Johns Hopkins Bloomberg School of Public Health, Baltimore, Maryland, United States of America.
PLoS Med. 2013 Oct;10(10):e1001524. doi: 10.1371/journal.pmed.1001524. Epub 2013 Oct 1.
Oxytocin (10 IU) is the drug of choice for prevention of postpartum hemorrhage (PPH). Its use has generally been restricted to medically trained staff in health facilities. We assessed the effectiveness, safety, and feasibility of PPH prevention using oxytocin injected by peripheral health care providers without midwifery skills at home births.
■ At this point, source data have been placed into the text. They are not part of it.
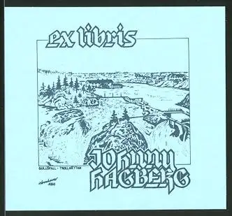 Exlibris Johnny Hagberg, Landschaft mit Wasserfall
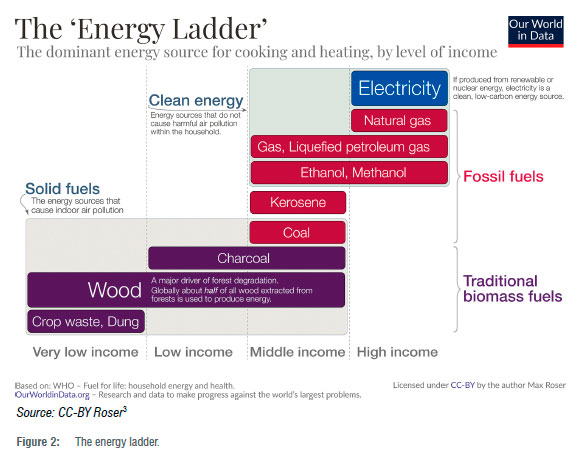 Very low-income households prefer wood and biomass (crop waste and dried dung) as a fuel for cooking, but sometimes also use coal and charcoal. This preference is attributed to a lack of access to the national electricity grid, affordability issues and easiness of use. Fossil fuels are usually burnt on open stoves which results in significant indoor air pollution and exposes household members to pollution and affects their health. According to the 'energy ladder' hypothesis, households evolve from solid fuels to cleaner forms of energy and particularly electricity.
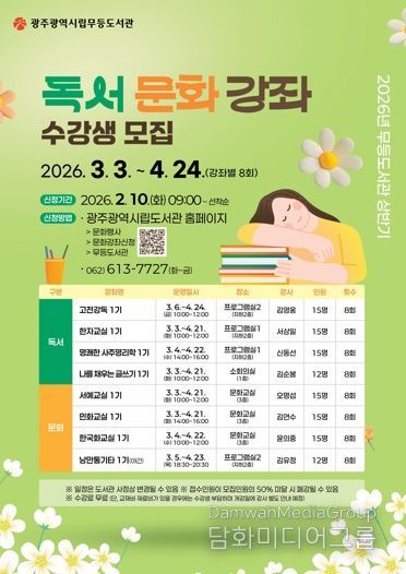 시민행정신문 강갑수 기자 | 광주광역시 시립도서관(무등,사직,산수,하남)은 3월부터 5월까지 운영하는 상반기 독서·문화교실 수강생을 오는 10일부터 선착순 모집한다.
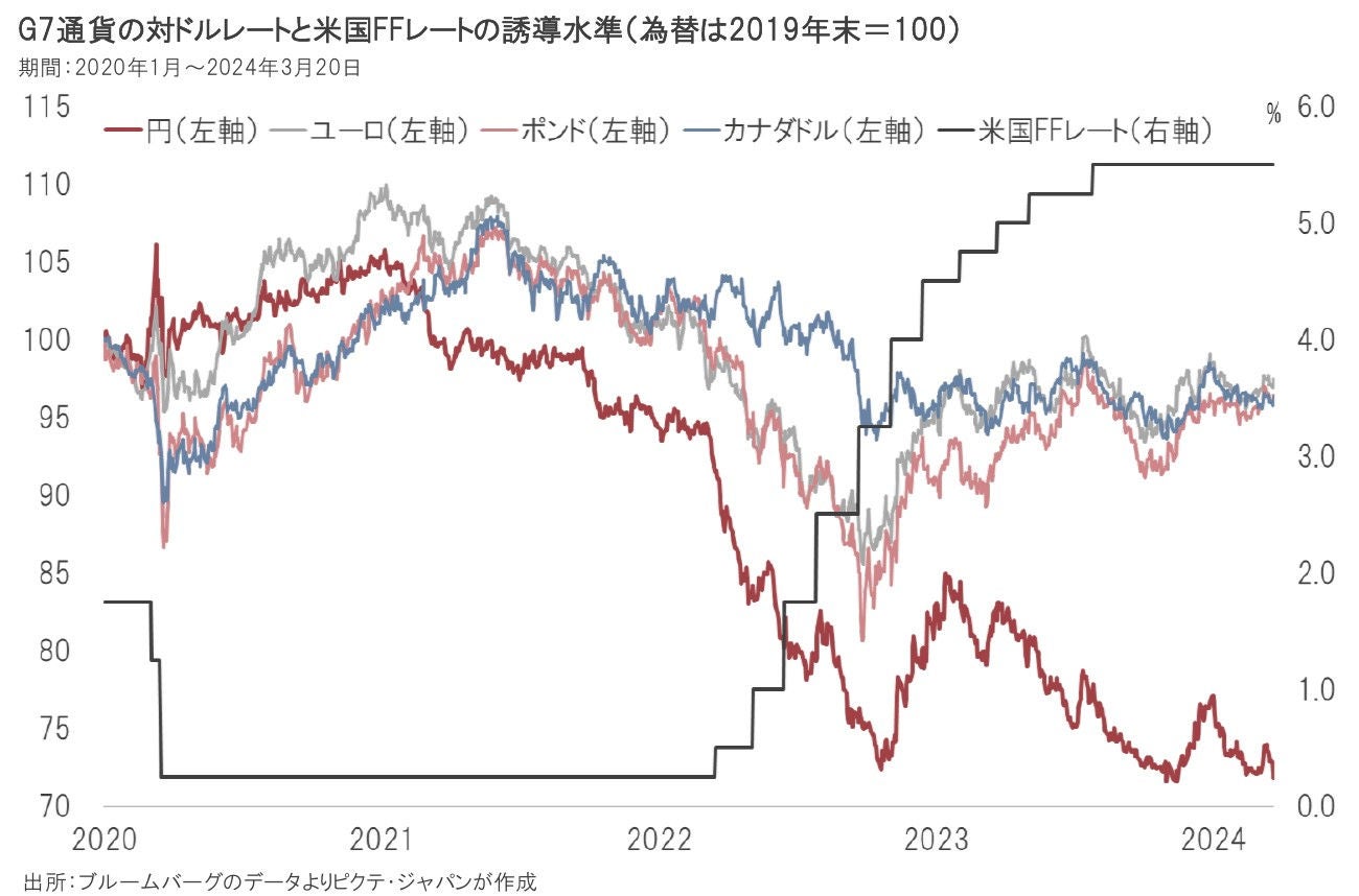 円など主要通貨が対ドルで大きく下落したのは、2022年3月にFRBが利上げしたことが背景だった。ユーロ、英ポンドなど他の通貨がリバウンドしたのは、通貨安によるインフレの加速を恐れ、ECB、BOEなどがFRBに追随する形で利上げを行ったからだろう。一方、日銀はイールドカーブ・コントロール付き量的・質的緩和を維持、日米短期金利差に着目した円キャリートレードが円安を後押ししてきた。
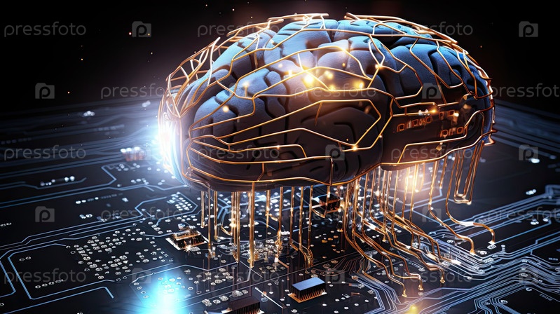 Цифровой мозг в ярко-оранжевом и синем цветах, наука о искусственном интеллекте, обработка данных, умные технологии, приложения нейронных сетей, исследования автоматизации

This community-based, cluster-randomized trial was conducted in four rural districts in Ghana. We randomly allocated 54 community health officers (stratified on district and catchment area distance to a health facility: ≥10 km versus <10 km) to intervention (one injection of oxytocin [10 IU] one minute after birth) and control (no provision of prophylactic oxytocin) arms. Births attended by a community health officer constituted a cluster. Our primary outcome was PPH, using multiple definitions; (PPH-1) blood loss ≥500 mL; (PPH-2) PPH-1 plus women who received early treatment for PPH; and (PPH-3) PPH-2 plus any other women referred to hospital for postpartum bleeding. Unsafe practice is defined as oxytocin use before delivery of the baby. We enrolled 689 and 897 women, respectively, into oxytocin and control arms of the trial from April 2011 to November 2012. In oxytocin and control arms, respectively, PPH-1 rates were 2.6% versus 5.5% (RR: 0.49; 95% CI: 0.27-0.88); PPH-2 rates were 3.8% versus 10.8% (RR: 0.35; 95% CI: 0.18-0.63), and PPH-3 rates were similar to those of PPH-2. Compared to women in control clusters, those in the intervention clusters lost 45.1 mL (17.7-72.6) less blood. There were no cases of oxytocin use before delivery of the baby and no major adverse events requiring notification of the institutional review boards. Limitations include an unblinded trial and imbalanced numbers of participants, favoring controls.
Maternal health care planners can consider adapting this model to extend the use of oxytocin into peripheral settings including, in some contexts, home births.
ClinicalTrials.gov NCT01108289 Please see later in the article for the Editors' Summary.
缩宫素(10IU)是预防产后出血(PPH)的首选药物。其使用通常限于医疗机构中接受过医学培训的人员。我们评估了在家分娩时,由缺乏助产技能的基层医疗保健提供者注射缩宫素预防 PPH 的效果、安全性和可行性。
这是一项在加纳四个农村地区进行的基于社区的集群随机试验。我们将 54 名社区卫生官员(按区和到卫生设施的集水区距离分层:≥10km 与 <10km)随机分配到干预(分娩后一分钟注射 1 次缩宫素[10IU])和对照(不提供预防性缩宫素)组。由社区卫生官员接生的分娩构成一个集群。我们的主要结局是使用多种定义的 PPH,包括(PPH-1)出血量≥500mL;(PPH-2)PPH-1 加产后出血早期接受治疗的妇女;以及(PPH-3)PPH-2 加任何因产后出血而转往医院的妇女。不安全的做法定义为在婴儿出生前使用缩宫素。我们分别于 2011 年 4 月至 2012 年 11 月,在缩宫素和对照组中,分别纳入了 689 名和 897 名妇女。在缩宫素和对照组中,PPH-1 的发生率分别为 2.6%和 5.5%(RR:0.49;95%CI:0.27-0.88);PPH-2 的发生率分别为 3.8%和 10.8%(RR:0.35;95%CI:0.18-0.63),PPH-3 的发生率与 PPH-2 相似。与对照组集群中的妇女相比,干预集群中的妇女失血减少了 45.1mL(17.7-72.6)。没有在婴儿出生前使用缩宫素的病例,也没有需要向机构审查委员会报告的重大不良事件。局限性包括试验未设盲以及参与者人数不平衡,对对照组有利。
产妇保健规划者可以考虑将这种模式应用于外围环境,包括在某些情况下,在家分娩时扩大缩宫素的使用。
ClinicalTrials.gov NCT01108289 请稍后在文章中查看编辑总结。